First, there are more powerful and easy-to-use data mining software today than ever before. This has allowed users to develop scorecards without investing heavily in advanced programmers and infrastructure. Growing competition and the entry of several new data mining vendors made such tools available at ever cheaper prices. Complex data mining functions became available at the click of a mouse, allowing the user to spend more time applying business and data mining expertise to the problem, rather than debugging complicated and lengthy programs. The availability of powerful “point-and-click”–based Extract-Transform-Load (ETL) software enabled efficient extraction and preparation of data for scorecard development and other data mining. Second, advances in intelligent and easy-to-access data storage have removed much of the burden of gathering the required data and putting it into a form that is amenable to analysis. As mentioned earlier, banks and other lenders have made significant investments in data warehousing and data management, and are now looking to use that data to increase profitability.

Once these tools became available, in-house development became a viable option for many smaller and medium-sized institutions. The industry could now realize the significant ROI that in-house scorecard development could deliver for the right players. Experience has shown that in-house credit scorecard development can be done faster, cheaper, and with far more flexibility than any outsourcing strategy. Development was cheaper since the cost of maintaining an in-house credit scoring capability was less than the cost of purchased scorecards. Internal development capability also allowed companies to develop far more scorecards (with enhanced segmentation) for the same expenditure. Scorecards could also be developed more rapidly by internal resources using the right software – which meant that better custom scorecards could be implemented more rapidly, leading to lower losses.

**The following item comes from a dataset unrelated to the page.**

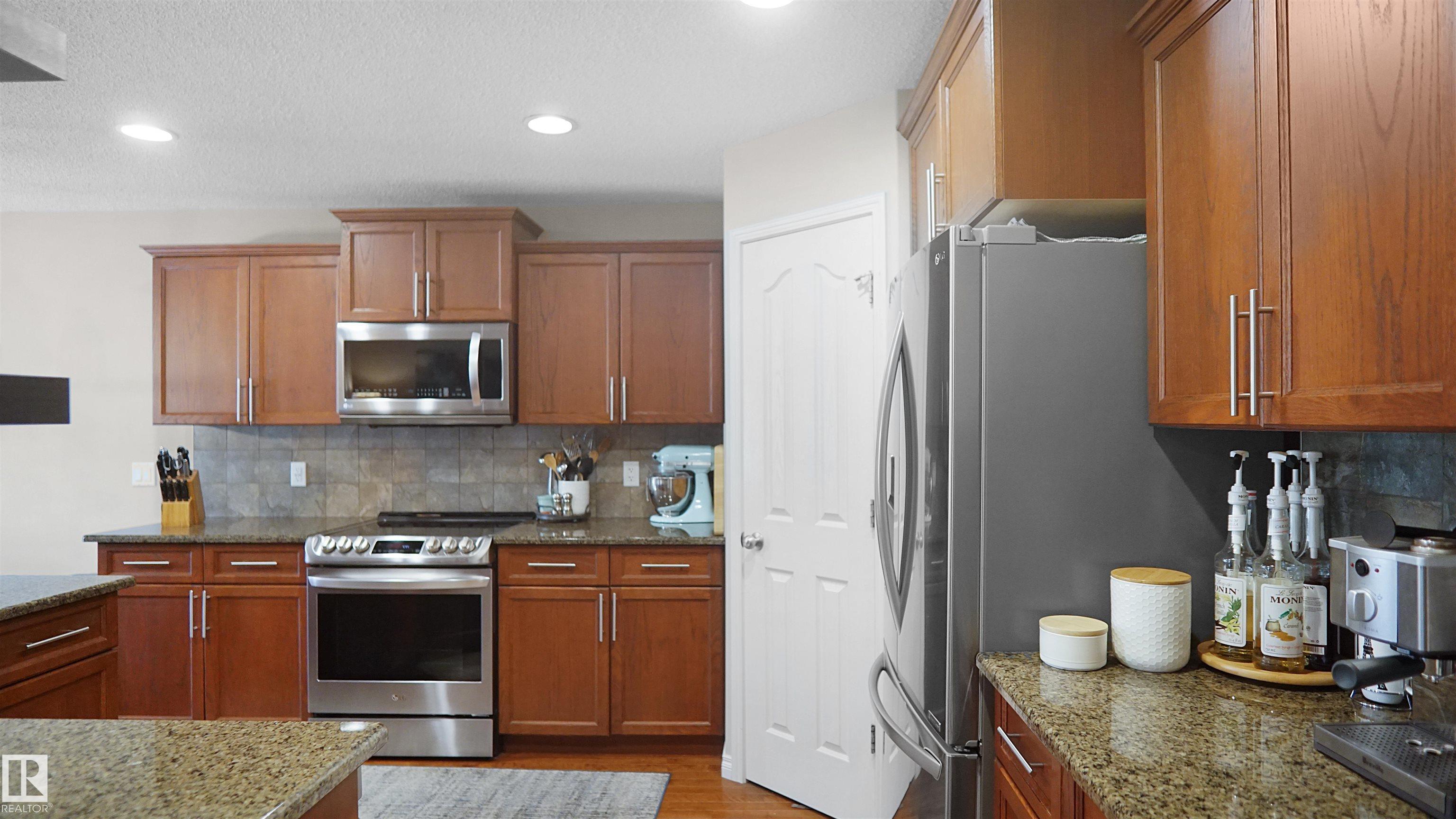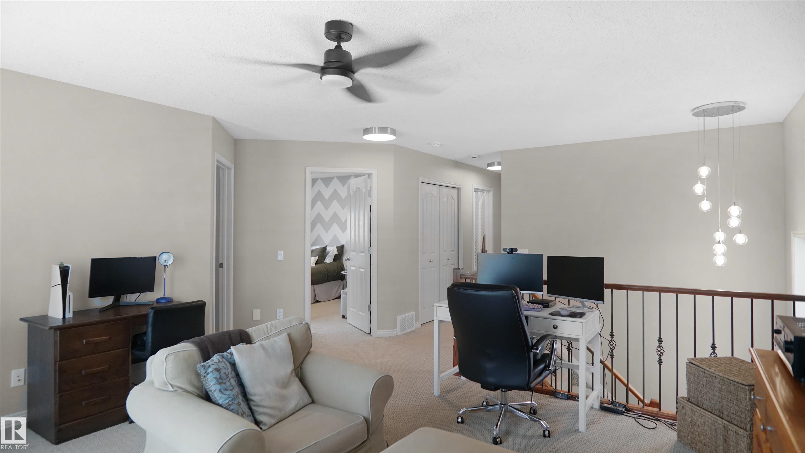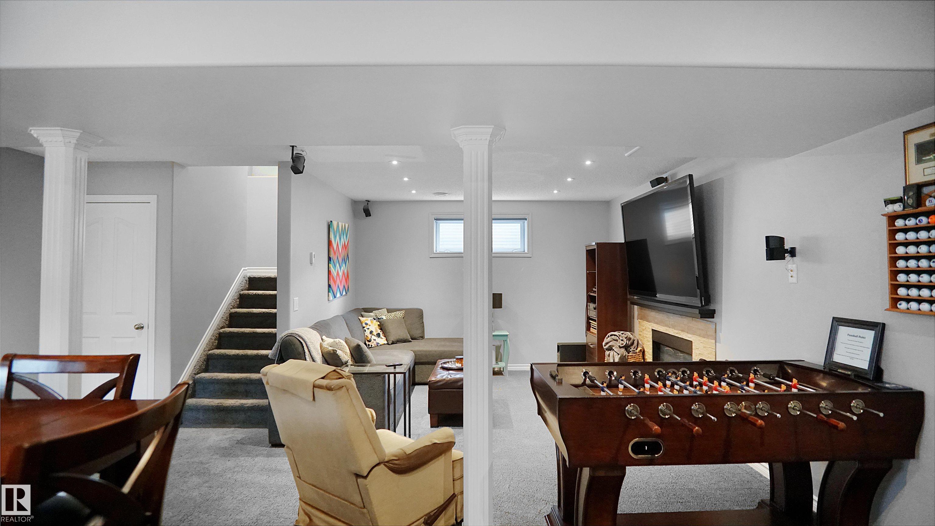 Nestled in one of West Edmonton's most sought-after communities, this rare find is located in a quiet cul-de-sac backing onto the prestigious Lewis Estates Golf Course. Perfectly designed for growing families, this spacious home features 4 bedrooms upstairs, including a generous bonus room and 2 full bathrooms. Step inside to find a welcoming main floor den/flex room near the entry, ideal for a home office or study space. The open concept layout showcases a large kitchen overlooking the dining nook and living area perfect for entertaining and everyday living. The fully finished basement adds even more living space with a large recreation room, full bathroom, and an additional spacious bedroom, offering flexibility for guests or teenagers.

In addition, companies have increasingly realized that their superior knowledge of internal data and business insights led them to develop better-performing scorecards. Seasoned modelers understand that the single biggest contributor to model quality is the data itself, followed by the knowledge level of the analyst of that data. This book will cover in detail how internal knowledge can be applied to build better scorecards. In every phase of the project, we will discuss how appropriate judgment can be applied to augment statistical analyses.

Better-performing scorecards also came about from having the flexibility to experiment with segmentation and then following through by developing more finely segmented scorecards. Deeper segmentation allows for more fine-tuned predictions and strategies. Combined with software that can implement champion/challenger scorecards, this becomes a great way to experiment with different configurations of models. Performing such detailed segmentation analysis through external vendors can become expensive.

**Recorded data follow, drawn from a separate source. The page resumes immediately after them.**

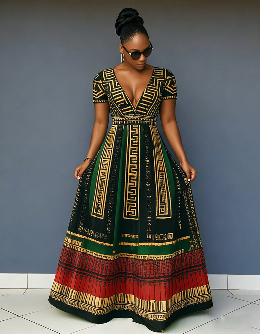 V Neck African Irregular Geometric Texture Short Sleeve Maxi Dress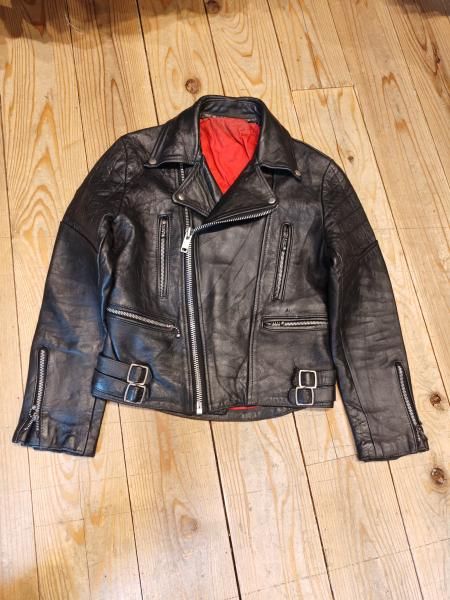 70年代ヨーロッパ製のレザーライダースジャケットです。 メインジッパーはYKKです。レザーの状態は、ステッチもしっかりとしています。 革スレは全体的にみられます。大きなダメージはみられません。 ファスナー稼動も問題ありません。 | |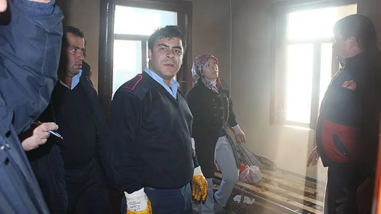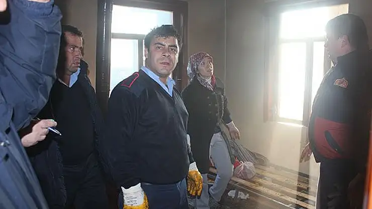 Yoğun dumanla kaplanan odaya maske takarak giren ekipler, yanan eşyaları söndürdükten sonra pencereden dışarıya attı.
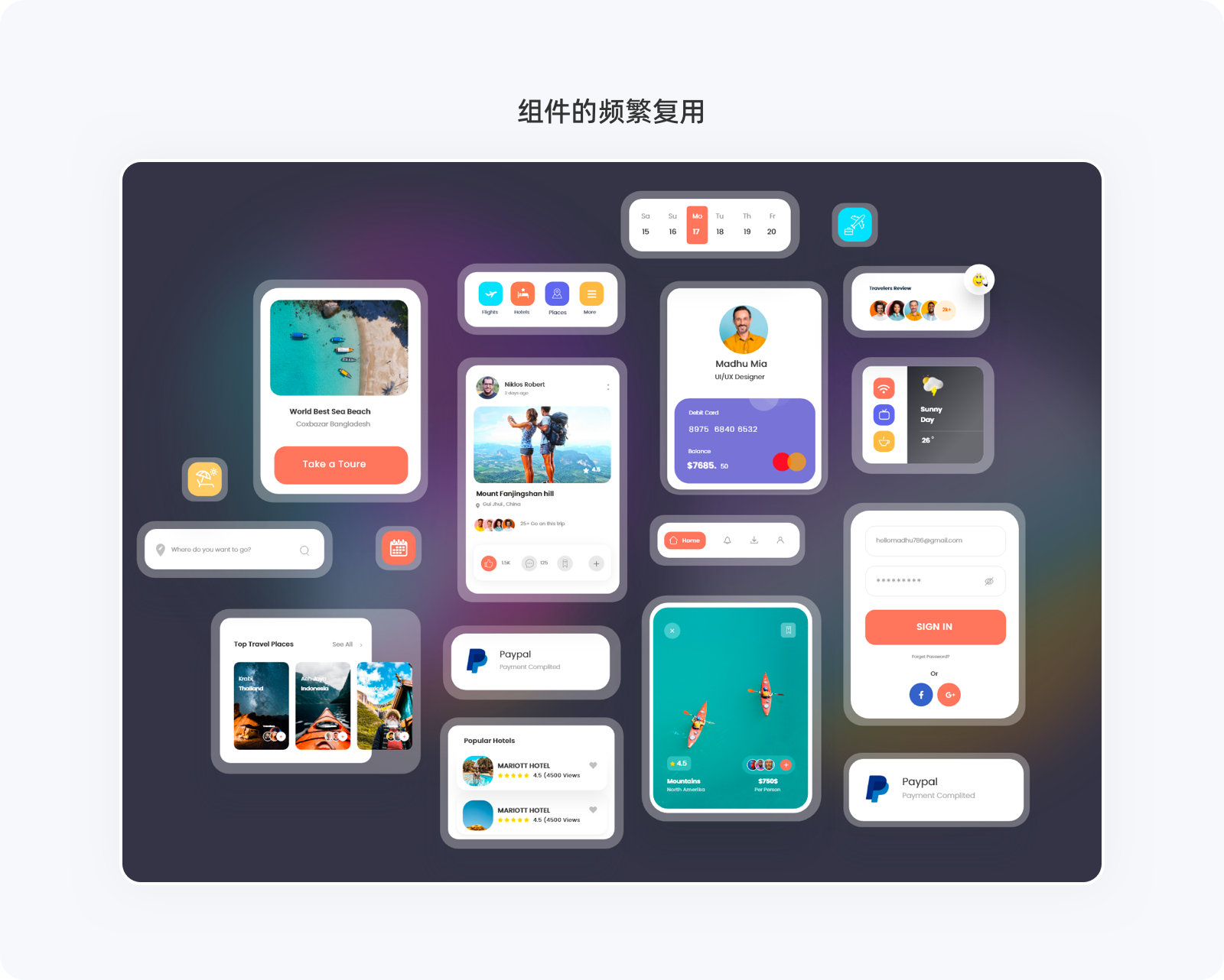 在同一個產品中,應使用一個主題色貫穿整個設計,作為強調重點的存在,然后再選擇1~2個輔助色作為點綴使用。不要添加太多花里胡哨的顏色,增加額外的視覺噪音,尤其是在B端設計中,克制顏色的使用能讓整體看起來更加簡潔有層次感。

Banks have also realized that credit risk scorecards are not a commodity to be purchased from the lowest bidder – they are a core competence and knowledge product of the institution. Internal scorecard development increases the knowledge base within organizations. The analyses done reveal hidden treasures of information that allow for better understanding of customers’ risk behavior and lead to better strategy development. We will cover some of this knowledge discovery in the section on model development, specifically the grouping process.

In summary, leaving key modeling and strategy decisions to “external experts” can prove to be a suboptimal route at best, and can also be quite costly.

This book presents a business-focused process for the development and usage of credit risk prediction scorecards, one that builds on a solid foundation of statistics and data mining principles. Statistical and data mining techniques and methodologies have been discussed in detail in various publications and will not be covered in depth here. I have assumed that the reader is either familiar with these algorithms, or can read up on them beforehand, and is now looking for business knowledge pertaining to scorecard development.

The key concepts that will be covered in the book are:

● The application of business intelligence to the scorecard development process, so that the development and implementation of scorecards is seen as an intelligent business solution to a business problem. Good scorecards are not built by passing data solely through a series of programs or algorithms – they are built when the data is passed through the analytical and business-trained mind of the user. This concept will be applied in all the sections of this book – taking statistical analyses and overlaying business knowledge on it to create better results.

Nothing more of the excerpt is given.